5 practical ways to help your team learn effectively from failure | ideas from the blog | azesta

It is so important that failures are learnt from, and yet in the UK workplace, many people do their best to sweep failures firmly under the carpet. This leads to fudging results, rolling out projects that don’t actually have the intended impact and a lack of innovation. It might also lead to unreasonable levels of risk if we look at the banking crisis of 2007 as an example!

 
learning from failure graphic | ideas from the blog | azesta
 

I believe that in part, this is because our education has trained us to believe there is only one right answer. That the way to get on in life is to avoid making mistakes, when in actual fact errors makes us human and leads to curiosity and massive steps forward in innovation.

Most learning happens on the job when we reflect on both things that go well and things that don’t and apply that learning to future situations. If we want people to learn in our organisations and share that learning with others, then we need to create and environment where people are not attached to their ‘rightness’, where it’s OK to admit mistakes, failure and that we have got it wrong. Only then is the organisation able to progress and to innovate effectively. The benefits of making use of trial and error, prototyping and piloting are enormous.

So, we’re all aware that a blame culture is the enemy of learning from failure and mistakes, but what exactly can you do to create an environment which maximises learning from failure?

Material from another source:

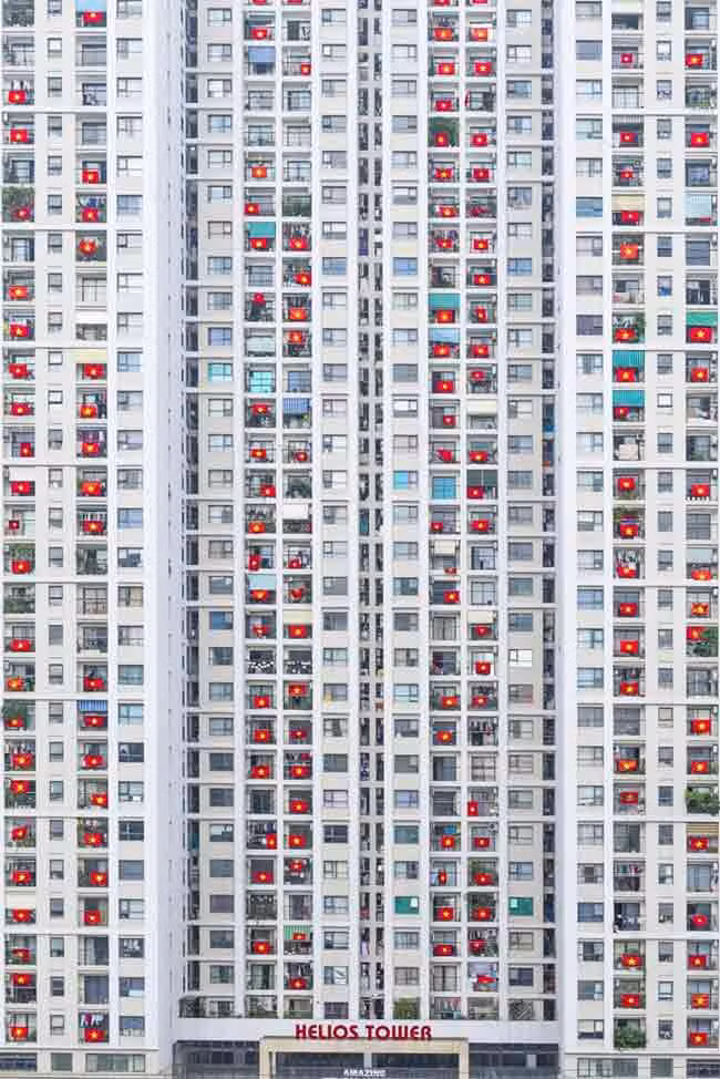 'We Are In It Together', del fotógrafo indio Prabu Mohan, mejor fotografía en la categoría Mundo encerrado. La foto, tomada en Hanói, muestra la unanimidad de los vietnamitas en un edificio de viviendas en la capital izando banderas nacionales para animar a quienes luchan en la primera línea contra la pandemia del Covid-19.

1. Help people feel comfortable about being wrong. Have rounds in team meetings where people share something they were wrong about this week or a mistake they have made that they have learned from and encourage them to explain how they think this could help others. Do balance this with successes and encourage learning from those too!

2. Encourage a reflective culture in your team. Role model and encourage thinking and reflect on the day, the week, the month, the project and drawing learning from it and sharing that. Give all your team members a reflective learning journal and show them yours.

3. Build trial and error or piloting into everything you do. People rarely happen upon the best answer the first time. Make it a standard part of the way your team operates that ideas are tested out in small way and the results examined before they are rolled out into a major project.

4. Put processes into place that surface learning from failure. Within your team, this could be project retrospectives and before and after action learning reviews along with ‘post portems’ to draw lessons from larger failings. If you can get the whole organisation to share your approaches, you might broaden this out to include fast, fun, informal peer-to-peer events with presentations and high audience participation that examine failures and wide-scale ‘dare to share’* events.

5. When things do go wrong, congratulate people for having a go and for the intentions behind whatever they did. If it’s not obvious where the error came from, don’t try and find out! Instead focus on what can be learned from the error, what conclusions and guidance for the future can be drawn rather than whose fault it was. Make concrete plans to put the new learning into practice.

To lift your team’s odds of winning, you need to lift the number of mistakes they make and your potential to learn effectively from them.

* Terminology from some of the processes that The World Bank Group have out into place.